• **Work to be completed**
Find the line with "Before you is" in the entries below, then reproduce it and every line after it down to and including the line with "材料:帶皮五花肉500克,大", exactly.

• **Records shown**
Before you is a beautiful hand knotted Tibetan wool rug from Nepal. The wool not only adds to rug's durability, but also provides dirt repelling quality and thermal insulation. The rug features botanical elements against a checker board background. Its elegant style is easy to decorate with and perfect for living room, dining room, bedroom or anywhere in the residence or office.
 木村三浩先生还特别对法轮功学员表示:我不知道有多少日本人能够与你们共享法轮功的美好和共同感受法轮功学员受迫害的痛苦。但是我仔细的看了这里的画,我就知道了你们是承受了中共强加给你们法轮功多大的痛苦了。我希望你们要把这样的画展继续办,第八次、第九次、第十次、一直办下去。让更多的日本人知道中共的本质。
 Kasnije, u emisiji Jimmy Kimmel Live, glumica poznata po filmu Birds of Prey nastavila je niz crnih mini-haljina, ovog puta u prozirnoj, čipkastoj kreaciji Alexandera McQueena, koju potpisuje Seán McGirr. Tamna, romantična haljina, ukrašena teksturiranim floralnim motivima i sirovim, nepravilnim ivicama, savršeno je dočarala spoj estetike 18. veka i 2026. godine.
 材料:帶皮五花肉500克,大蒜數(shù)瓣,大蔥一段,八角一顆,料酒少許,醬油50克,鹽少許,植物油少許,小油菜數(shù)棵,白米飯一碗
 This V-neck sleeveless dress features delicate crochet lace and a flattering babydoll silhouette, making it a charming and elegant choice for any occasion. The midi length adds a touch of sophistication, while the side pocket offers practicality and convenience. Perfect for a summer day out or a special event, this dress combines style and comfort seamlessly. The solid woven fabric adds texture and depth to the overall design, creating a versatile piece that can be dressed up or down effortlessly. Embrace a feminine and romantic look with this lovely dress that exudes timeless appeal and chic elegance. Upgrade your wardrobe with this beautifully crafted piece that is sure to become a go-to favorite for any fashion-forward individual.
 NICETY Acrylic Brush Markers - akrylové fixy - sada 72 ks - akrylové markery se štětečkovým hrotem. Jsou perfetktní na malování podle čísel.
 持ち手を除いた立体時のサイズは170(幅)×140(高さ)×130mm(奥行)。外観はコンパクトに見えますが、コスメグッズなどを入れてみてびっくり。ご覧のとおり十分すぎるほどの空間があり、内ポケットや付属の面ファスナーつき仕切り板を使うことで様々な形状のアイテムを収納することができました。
--
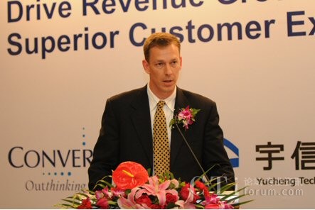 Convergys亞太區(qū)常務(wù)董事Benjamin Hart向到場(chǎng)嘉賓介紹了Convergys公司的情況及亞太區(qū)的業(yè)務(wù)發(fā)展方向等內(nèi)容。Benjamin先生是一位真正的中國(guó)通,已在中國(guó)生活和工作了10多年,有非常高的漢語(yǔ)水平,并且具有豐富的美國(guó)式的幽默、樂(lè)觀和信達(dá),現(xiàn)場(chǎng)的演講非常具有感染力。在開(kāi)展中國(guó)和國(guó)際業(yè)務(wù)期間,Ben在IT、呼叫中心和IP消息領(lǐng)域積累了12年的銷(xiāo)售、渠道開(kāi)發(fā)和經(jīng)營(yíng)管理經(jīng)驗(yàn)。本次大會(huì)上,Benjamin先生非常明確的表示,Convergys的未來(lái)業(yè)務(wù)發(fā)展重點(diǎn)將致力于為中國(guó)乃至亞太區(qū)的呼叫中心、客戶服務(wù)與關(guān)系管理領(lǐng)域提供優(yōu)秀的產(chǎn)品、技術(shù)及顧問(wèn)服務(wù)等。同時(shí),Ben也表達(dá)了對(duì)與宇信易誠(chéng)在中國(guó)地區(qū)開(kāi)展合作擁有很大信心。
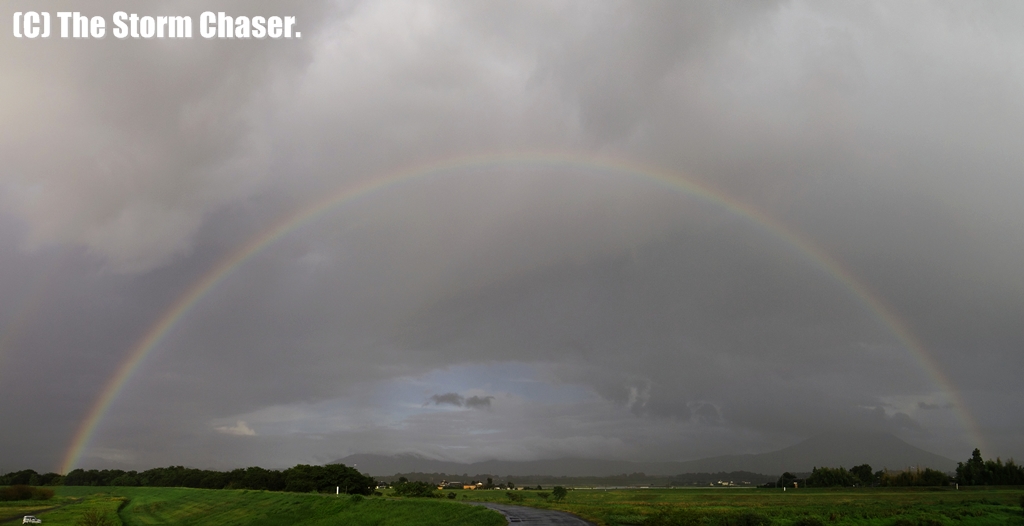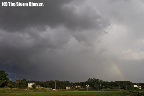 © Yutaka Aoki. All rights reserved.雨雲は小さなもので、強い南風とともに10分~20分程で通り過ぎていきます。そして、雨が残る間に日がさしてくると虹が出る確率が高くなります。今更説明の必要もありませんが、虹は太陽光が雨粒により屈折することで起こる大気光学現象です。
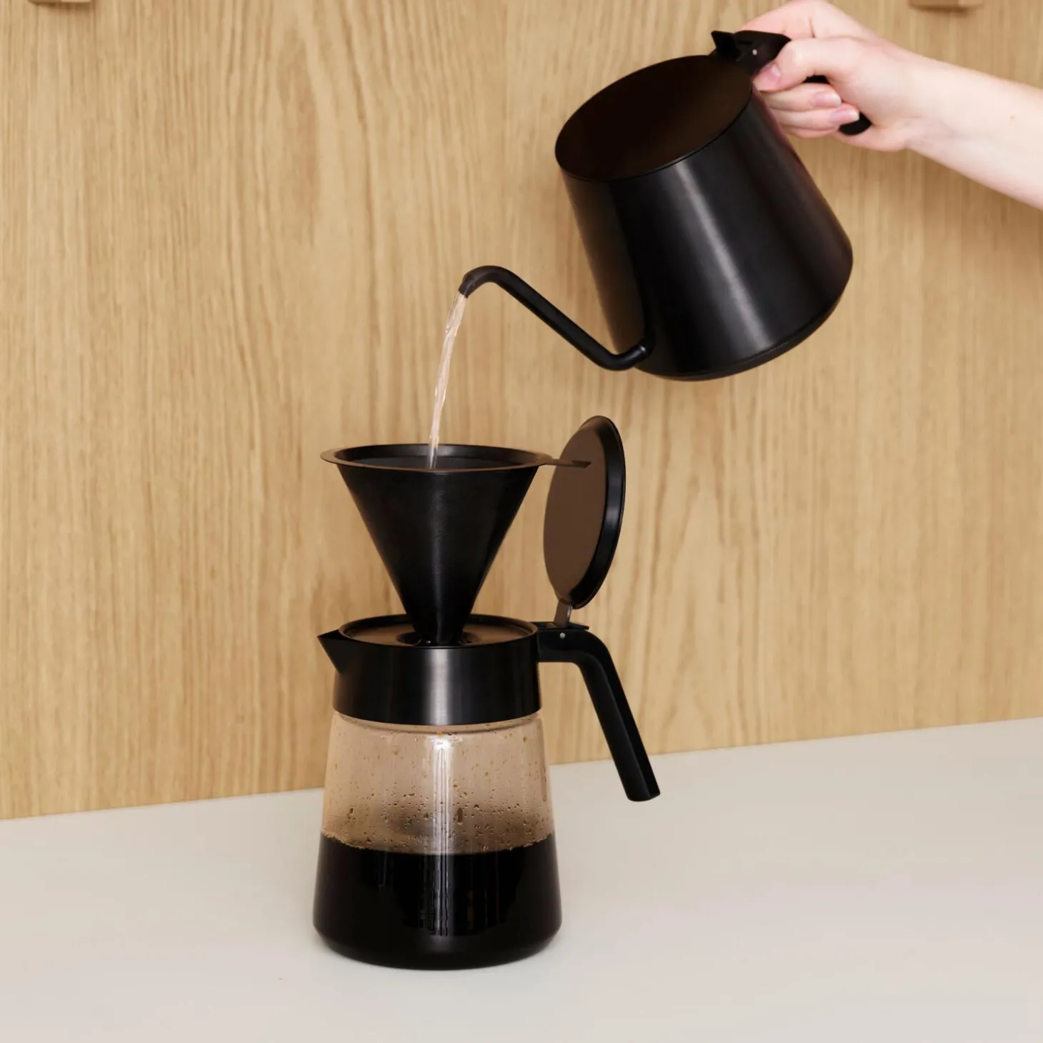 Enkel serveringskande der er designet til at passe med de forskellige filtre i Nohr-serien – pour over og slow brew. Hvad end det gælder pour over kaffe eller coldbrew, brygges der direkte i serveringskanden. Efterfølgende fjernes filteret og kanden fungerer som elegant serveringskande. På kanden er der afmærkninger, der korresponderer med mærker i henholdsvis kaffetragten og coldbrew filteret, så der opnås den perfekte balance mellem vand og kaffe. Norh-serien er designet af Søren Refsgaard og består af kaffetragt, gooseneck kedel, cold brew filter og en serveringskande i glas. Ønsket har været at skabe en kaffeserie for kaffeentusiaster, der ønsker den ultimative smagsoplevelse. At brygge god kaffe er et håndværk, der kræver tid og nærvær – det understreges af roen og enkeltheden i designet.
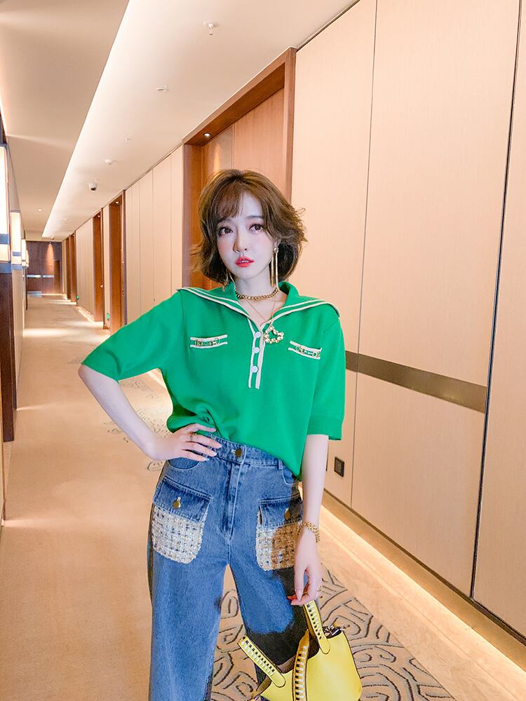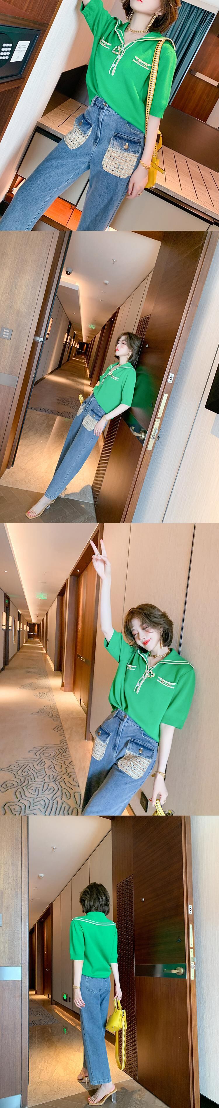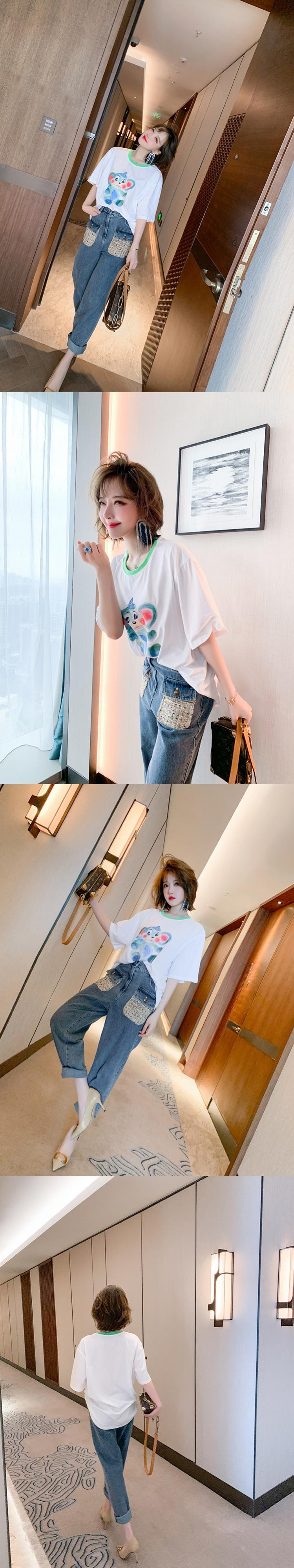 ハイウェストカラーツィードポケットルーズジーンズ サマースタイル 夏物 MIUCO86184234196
--
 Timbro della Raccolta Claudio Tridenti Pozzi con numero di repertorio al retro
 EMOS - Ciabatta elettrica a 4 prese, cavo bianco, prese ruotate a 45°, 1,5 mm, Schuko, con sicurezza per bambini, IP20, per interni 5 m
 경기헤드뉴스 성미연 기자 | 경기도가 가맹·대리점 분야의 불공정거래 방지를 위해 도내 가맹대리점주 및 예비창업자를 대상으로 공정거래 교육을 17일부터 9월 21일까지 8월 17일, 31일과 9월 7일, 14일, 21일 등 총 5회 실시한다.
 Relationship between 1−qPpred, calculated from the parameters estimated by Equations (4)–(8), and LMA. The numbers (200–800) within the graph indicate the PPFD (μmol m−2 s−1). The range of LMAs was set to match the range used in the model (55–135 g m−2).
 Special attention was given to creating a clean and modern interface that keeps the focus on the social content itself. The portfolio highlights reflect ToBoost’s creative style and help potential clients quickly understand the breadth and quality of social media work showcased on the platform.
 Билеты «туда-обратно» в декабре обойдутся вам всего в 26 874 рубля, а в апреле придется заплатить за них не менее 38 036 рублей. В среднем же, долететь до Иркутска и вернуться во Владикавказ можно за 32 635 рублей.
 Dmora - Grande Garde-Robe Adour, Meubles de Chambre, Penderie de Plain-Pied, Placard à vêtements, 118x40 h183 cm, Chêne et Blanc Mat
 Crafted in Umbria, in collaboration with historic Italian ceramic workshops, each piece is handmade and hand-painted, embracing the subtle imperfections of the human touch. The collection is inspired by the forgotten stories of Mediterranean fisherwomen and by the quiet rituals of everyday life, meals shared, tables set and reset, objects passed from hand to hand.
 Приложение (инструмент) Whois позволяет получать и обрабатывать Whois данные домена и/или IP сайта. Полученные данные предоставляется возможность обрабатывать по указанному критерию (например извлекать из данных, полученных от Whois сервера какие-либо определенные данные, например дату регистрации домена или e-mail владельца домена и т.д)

• **Result for this task**
Before you is a beautiful hand knotted Tibetan wool rug from Nepal. The wool not only adds to rug's durability, but also provides dirt repelling quality and thermal insulation. The rug features botanical elements against a checker board background. Its elegant style is easy to decorate with and perfect for living room, dining room, bedroom or anywhere in the residence or office.
 木村三浩先生还特别对法轮功学员表示:我不知道有多少日本人能够与你们共享法轮功的美好和共同感受法轮功学员受迫害的痛苦。但是我仔细的看了这里的画,我就知道了你们是承受了中共强加给你们法轮功多大的痛苦了。我希望你们要把这样的画展继续办,第八次、第九次、第十次、一直办下去。让更多的日本人知道中共的本质。
 Kasnije, u emisiji Jimmy Kimmel Live, glumica poznata po filmu Birds of Prey nastavila je niz crnih mini-haljina, ovog puta u prozirnoj, čipkastoj kreaciji Alexandera McQueena, koju potpisuje Seán McGirr. Tamna, romantična haljina, ukrašena teksturiranim floralnim motivima i sirovim, nepravilnim ivicama, savršeno je dočarala spoj estetike 18. veka i 2026. godine.
 材料:帶皮五花肉500克,大蒜數(shù)瓣,大蔥一段,八角一顆,料酒少許,醬油50克,鹽少許,植物油少許,小油菜數(shù)棵,白米飯一碗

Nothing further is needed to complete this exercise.